Radical Republicans | |
---|---|
Leader(s) | • John C. Frémont • Benjamin Wade • Henry Winter Davis • Charles Sumner • Thaddeus Stevens • Hannibal Hamlin • Ulysses S. Grant |
Founded | 1854 |
Dissolved | 1877 |
Merged into | Republican Party |
Succeeded by | Stalwart faction of the Republican Party |
Ideology | Radicalism Abolitionism[1] Pro-Reconstruction[2] Unconditional Unionism Developmentalism[3] Free labor ideology[4] |
National affiliation | Republican Party |
The Radical Republicans were a political faction of American politicians within the Republican Party. They existed from 1854 until the end of Reconstruction in 1877. They called themselves "radicals.". They were opposed during the war by the Moderate Republicans (led by Abraham Lincoln).[5] One of the fears of the radicals was that if Northern and Southern Democrats came back together again as they had before the Civil War the Republican party would no longer be the dominant political party.[5]

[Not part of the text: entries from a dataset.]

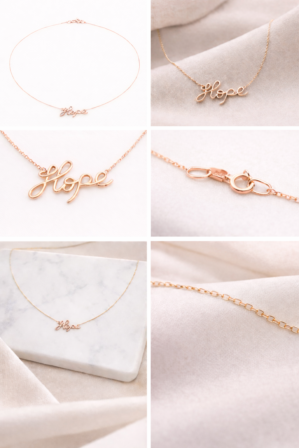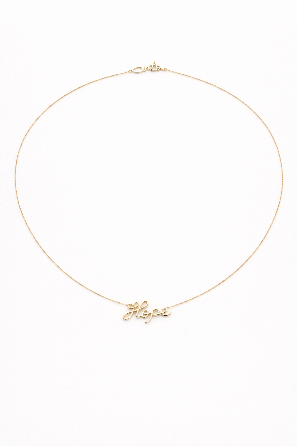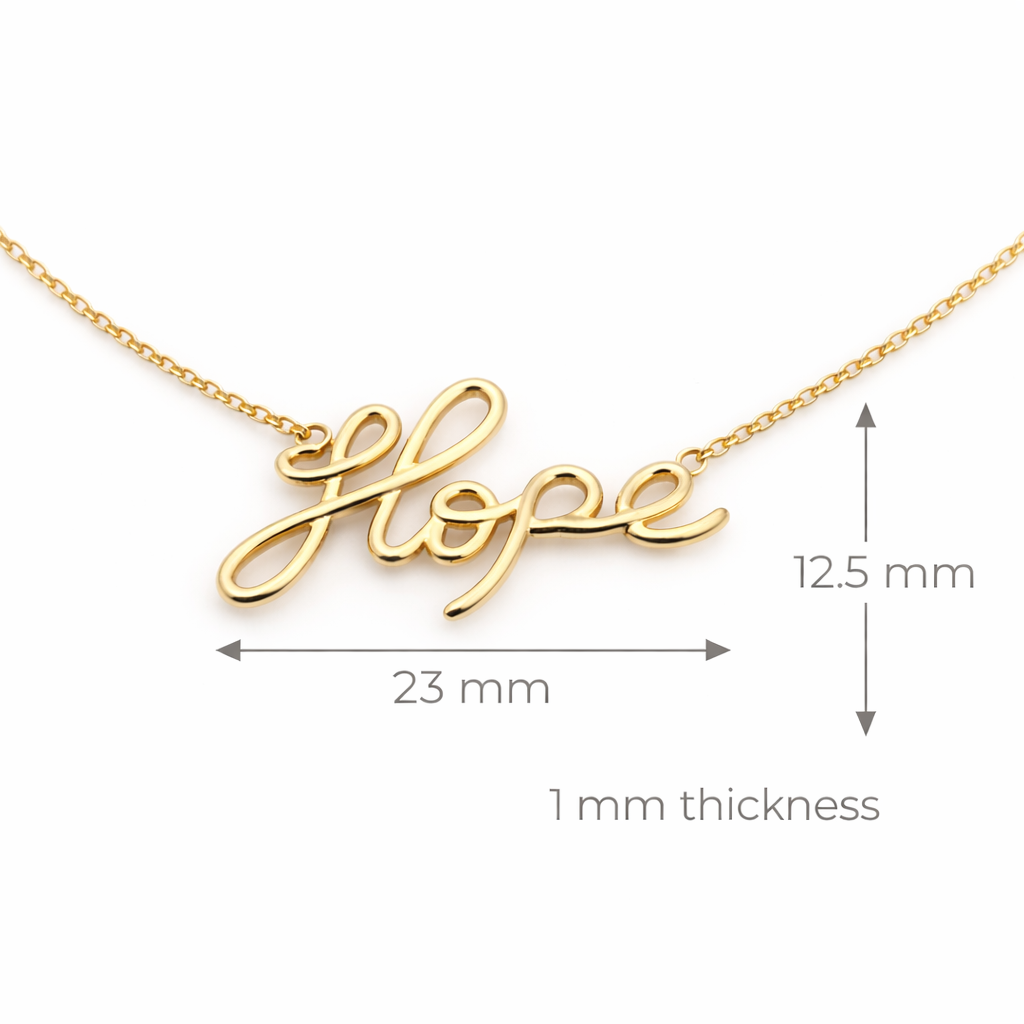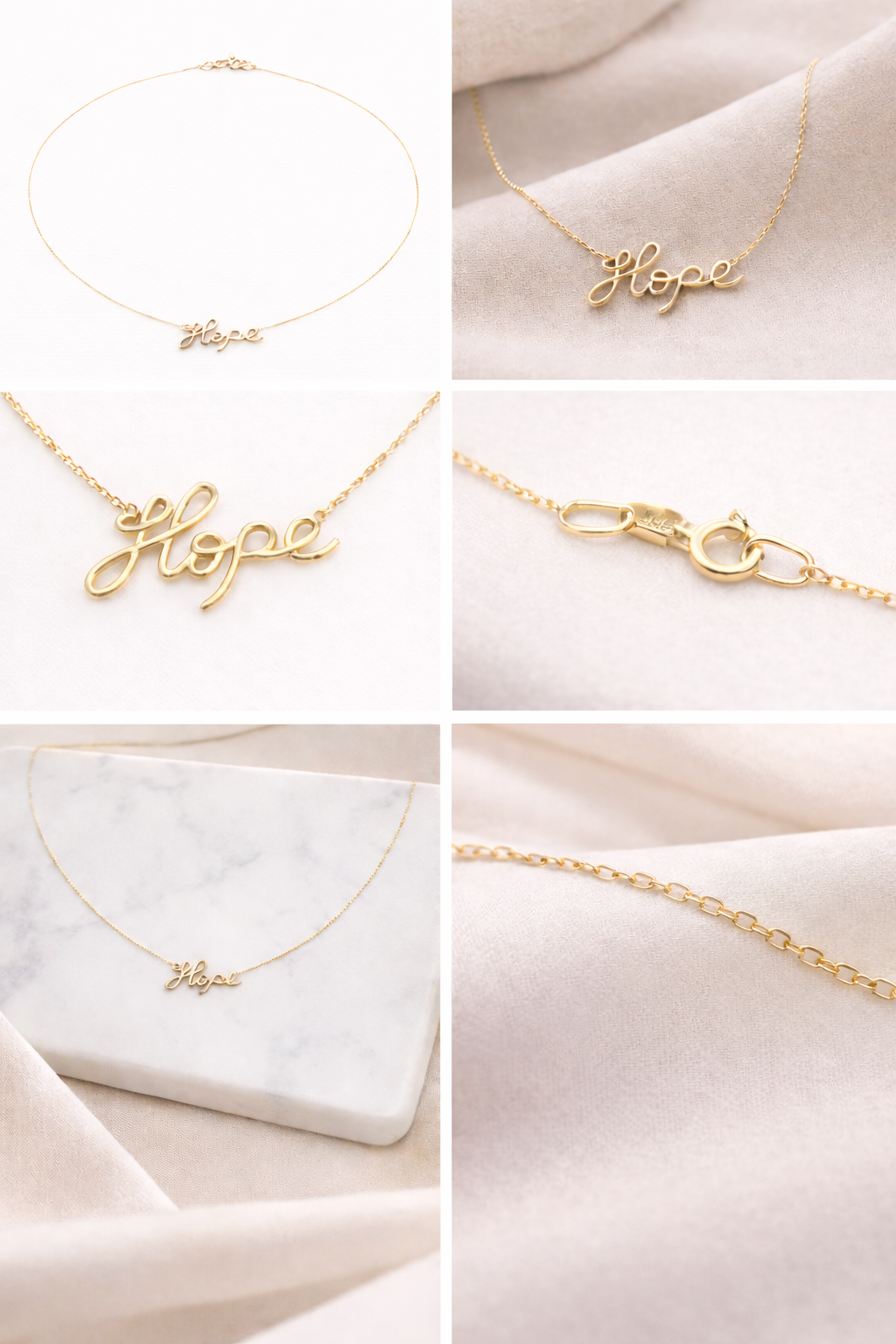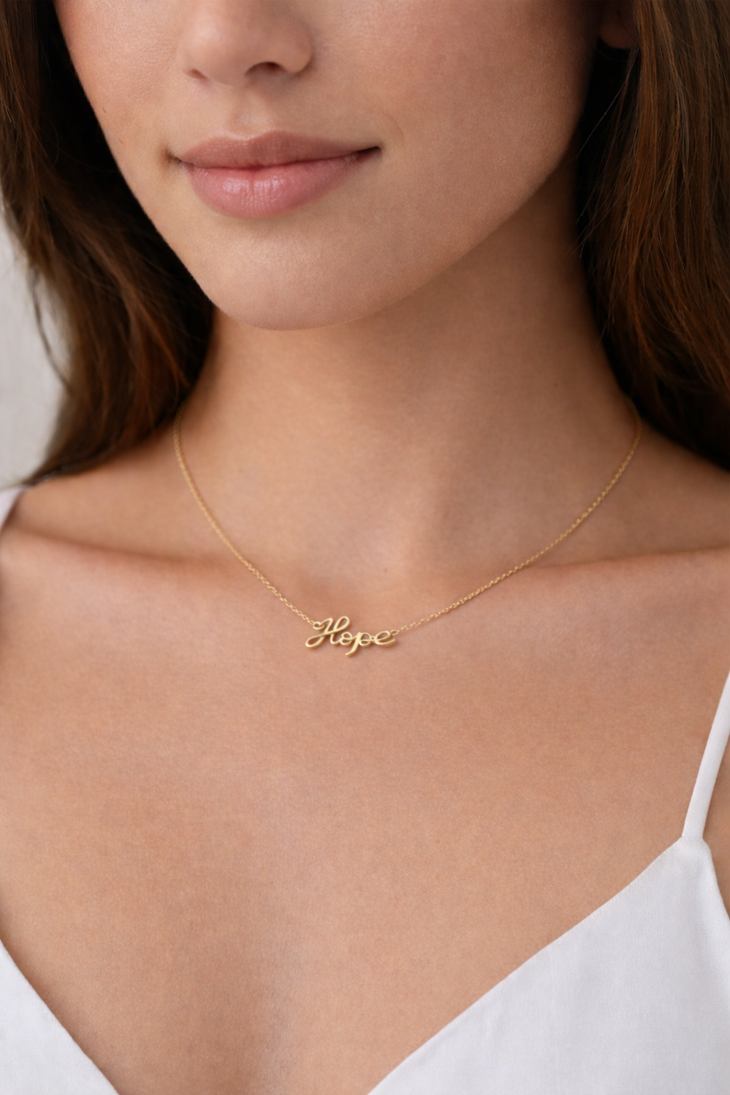 Carry a message of optimism close to your heart with our 14k Gold Script Hope Necklace. Handcrafted in elegant script lettering, this delicate piece embodies coastal elegance and timeless sentiment.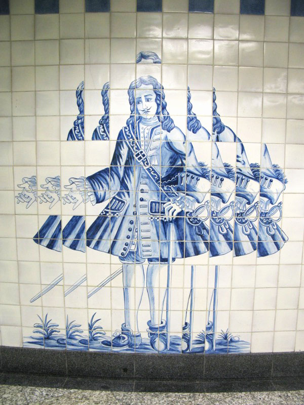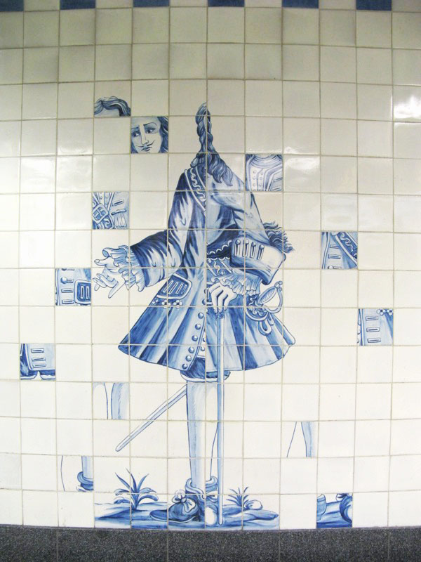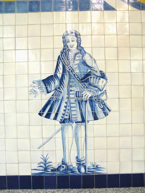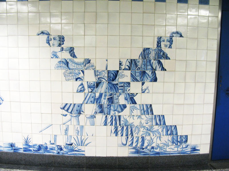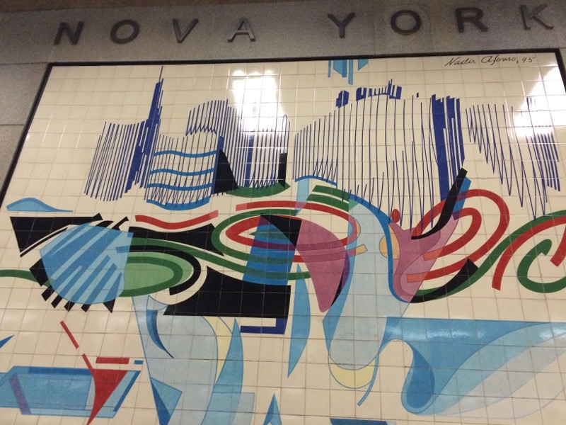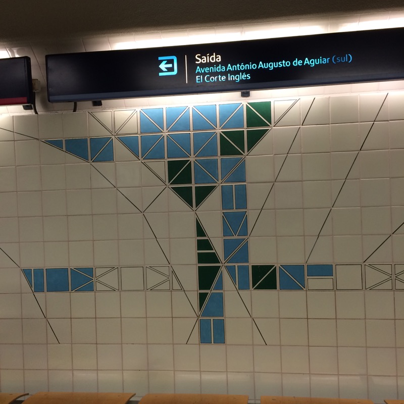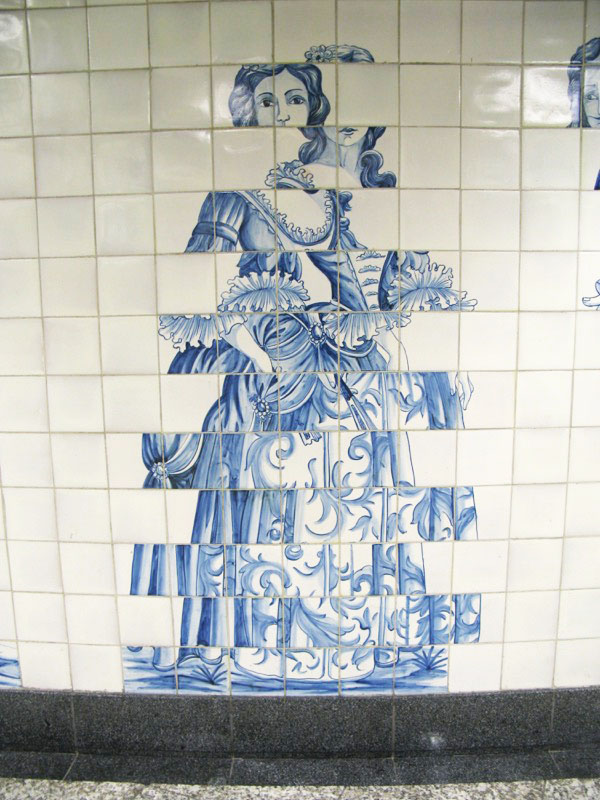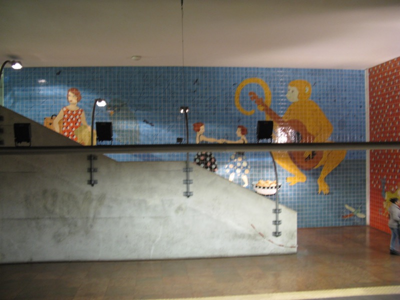 And now, the final station, Campo Grande. Again, from the official website: “Campo Grande station opened in 1993. Its walls are covered in painted tiles by Eduardo Nery, whose work interprets the typical 18th century tile motifs known as figuras de convite or welcoming figures.” They had an example of his work in the Tile Museum, and in an interview with him in the movie, he said he went over to supervise the installation of the tile in the Metro. When one of the workers asked him if he was worried that they would install the tile wrong, he replied, “I’m worried that you will install it correctly.”
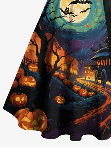 Plus Size Halloween Pumpkin Lantern Bat Moon Print Buttons Turn Down Collar Dress With Belt - Black - 3x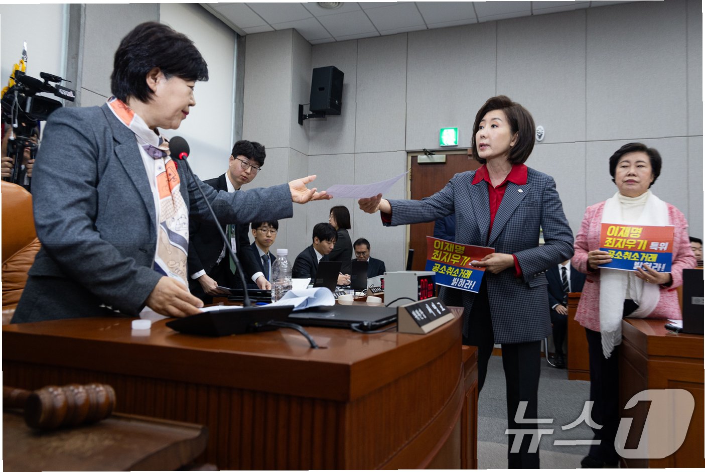 서영교 위원장이 국민의힘 의원들에게 자리에 앉아줄 것을 요청하자, 나경원 의원은 서 위원장이 '나경원 의원 앉으세요'라고 이름을 부르자 '이름 함부로 부르지 마세요'라며 불편한 심경을 내비쳤습니다. 이에 서영교 위원장은 '그럼 뭐라고 불러요? 너경원이라고 불러요?'라고 받아치며 설전이 오갔습니다. 이처럼 첫 회의부터 이름 호명을 둘러싼 신경전이 벌어지며 회의 분위기는 더욱 얼어붙었습니다.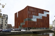 Udvendigt opføres bygningen i indfarvede betonelementer, beklædt med alu-lameller. Alux har leveret og monteret den udvendige solafskærmning på facaderne i tre forskellige farvenuancer. Solafskærmningen består af i alt 10.000 meter lamel, hvilket svarer til 30 tons aluminium. Lamellerne er 2-delte box-lameller på 40 x 250 mm med endebunde. De er monteret på betonelementer med afstandsrør.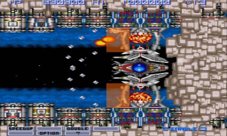 本作ではブロック地帯に入る直前にエネミースローがあるので、これを取っておけばブロックで苦労する事はないと思う。中ボス自体も OPTION と MISSILEさえあれば楽に倒せる。中ボスを抜けてもブロック地帯が少しあるので、油断して激突しないように注意する。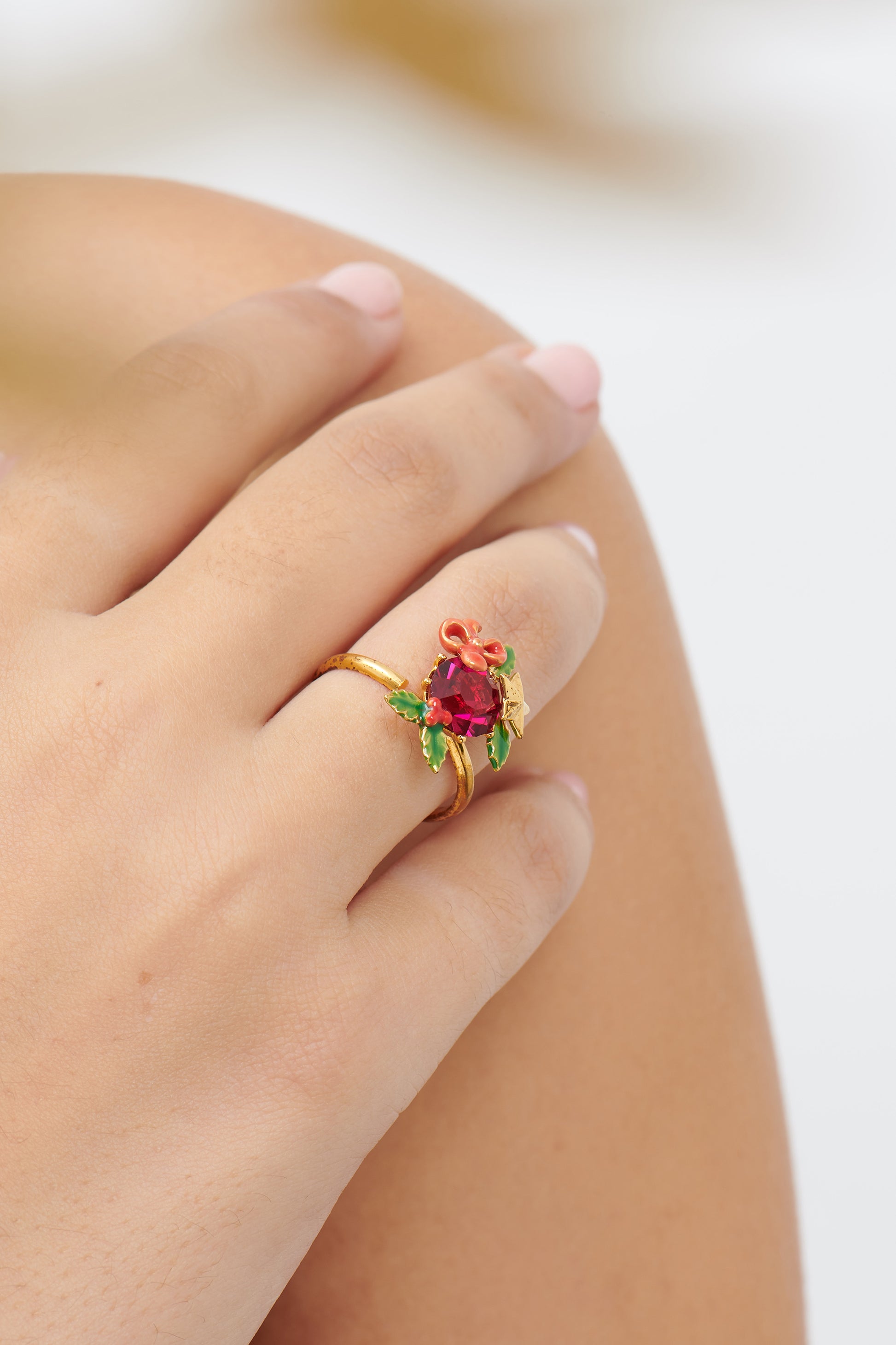 This adjustable ring for woman is made up of gold-plated brass and is enameled by hand. A faceted red coloured crystal stone is adorned on this costume jewellery piece.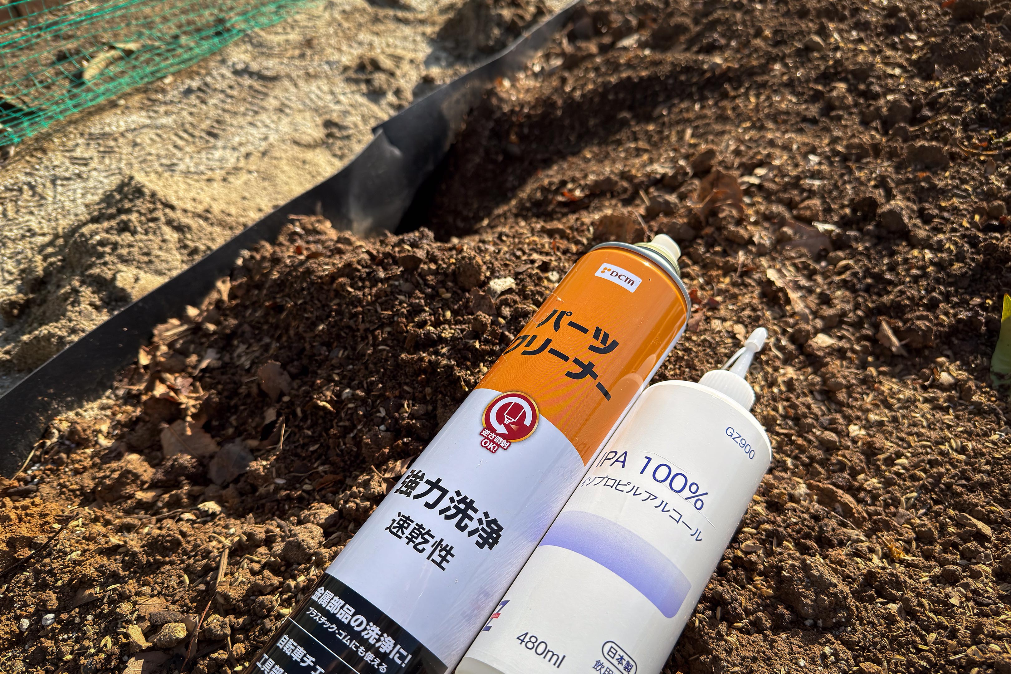 修理方法はシンプルで、裏側から同素材の当て板をして接着するだけ。すでに設置から1週間以上が経過していますからまずは自動車用のパーツクリーナーを使い綺麗にクリーニングを行い、その後IPAアルコーによる脱脂を行いました。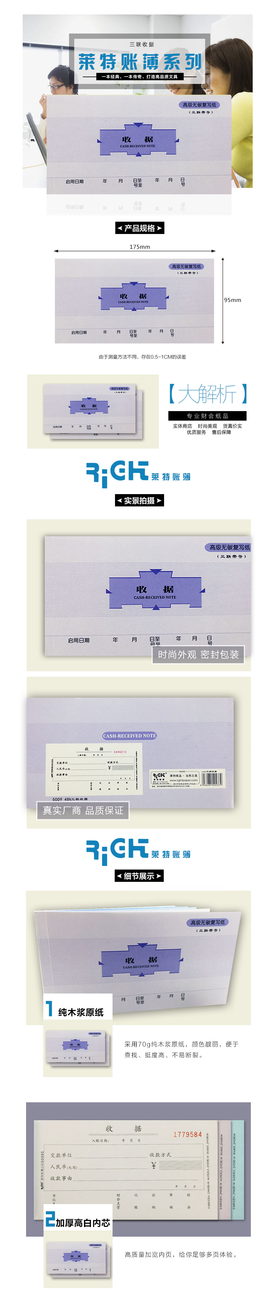 品名:莱特 收据 5009 高级无碳复写三联 95×175mm 60页 20份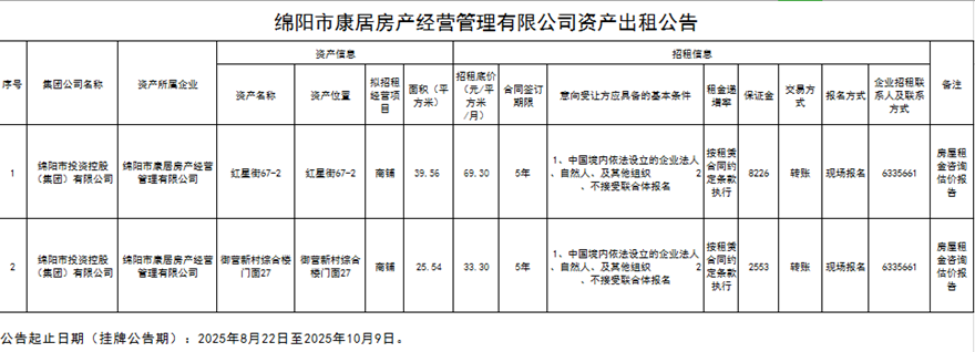 綿陽市康居房產(chǎn)經(jīng)營管理有限公司資產(chǎn)出租公告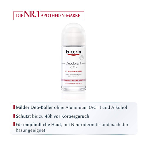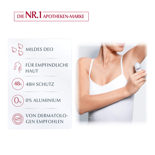 Das Eucerin Deo 24 h Deodorant für empfindliche Haut ist frei von potenziellen Reizstoffen wie Parfüm, Alkohol, Farb- oder Konservierungsstoffen. Da es den natürlichen pH-Wert wiederherstellt, ist es zudem auch hautfreundlich.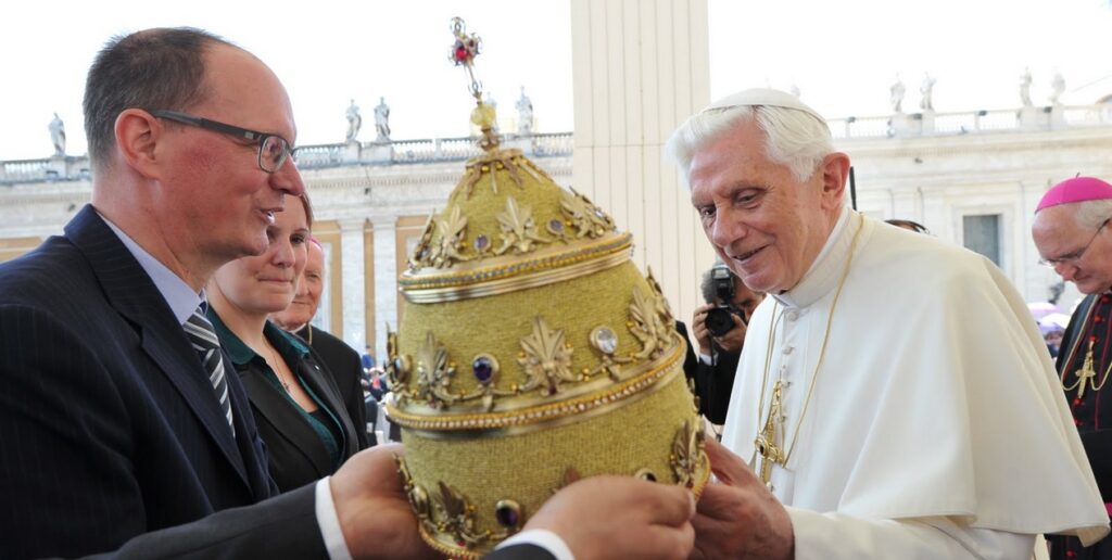 Der lateinische Westen hingegen verzichtete im 20. Jahrhundert auf zahlreiche Formen, die einst die Würde und die Identität des Petrusdienstes sichtbar machten. Offiziell abgeschafft wurde die päpstliche Tiara allerdings nie. Paul VI. setzte sie demonstrativ ab und legte sie auf den Altar. Sie wird seither lediglich nicht mehr getragen. Im persönlichen Wappen der Päpste blieb sie bis Benedikt XVI. präsent, im allgemeinen Papstwappen ist sie es bis heute. Es handelt sich also um ein Symbol, das weiterlebt, obwohl es in den Pontifikaten seit 60 Jahren nicht mehr erscheint. Der zeitliche Rahmen fällt dabei genau mit der Zeit zusammen, die für die katholische Kirche durch eine starke innere und äußere Krise gezeichnet ist. Mit Bezug auf die Symbolik sehen manche in der Niederlegung der Tiara den Beginn der Kirchenkrise.

Radical Republican, during and after the American Civil War, a member of the Republican Party committed to emancipation of the slaves and later to the equal treatment and enfranchisement of the freed blacks.
As the end of the war drew near, the Radicals strongly disagreed with President Lincoln's proposed post-war Reconstruction plans. Whereas Lincoln wanted to peacefully recreate coexistence between the Union and the Confederate States, the Radical Republicans felt that the rebel states needed a strong hand of justice and the administration of harsh punishments for their actions.